• [RECORDED DATA]
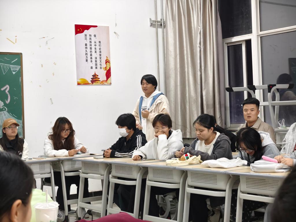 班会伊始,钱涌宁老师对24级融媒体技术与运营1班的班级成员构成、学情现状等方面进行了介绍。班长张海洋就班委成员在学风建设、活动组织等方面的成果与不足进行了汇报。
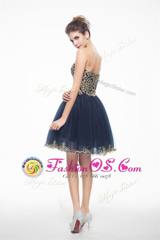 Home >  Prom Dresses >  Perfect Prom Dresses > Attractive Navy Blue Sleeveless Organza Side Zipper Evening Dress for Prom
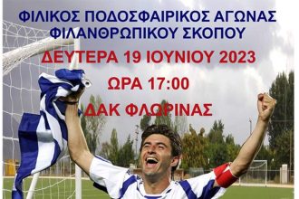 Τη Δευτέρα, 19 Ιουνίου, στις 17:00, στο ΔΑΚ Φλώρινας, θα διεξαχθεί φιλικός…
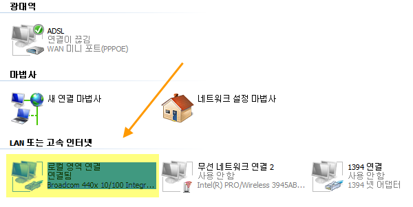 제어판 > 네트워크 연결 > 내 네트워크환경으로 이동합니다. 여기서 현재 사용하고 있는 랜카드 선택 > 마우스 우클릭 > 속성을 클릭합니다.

• [PROBLEM DESCRIPTION] Omit the pictures and write out the lines above from the one with "Τη Δευτέρα, 19" through the last, unchanged.

• [RESULT OF THE TASK]
 Τη Δευτέρα, 19 Ιουνίου, στις 17:00, στο ΔΑΚ Φλώρινας, θα διεξαχθεί φιλικός…
 제어판 > 네트워크 연결 > 내 네트워크환경으로 이동합니다. 여기서 현재 사용하고 있는 랜카드 선택 > 마우스 우클릭 > 속성을 클릭합니다.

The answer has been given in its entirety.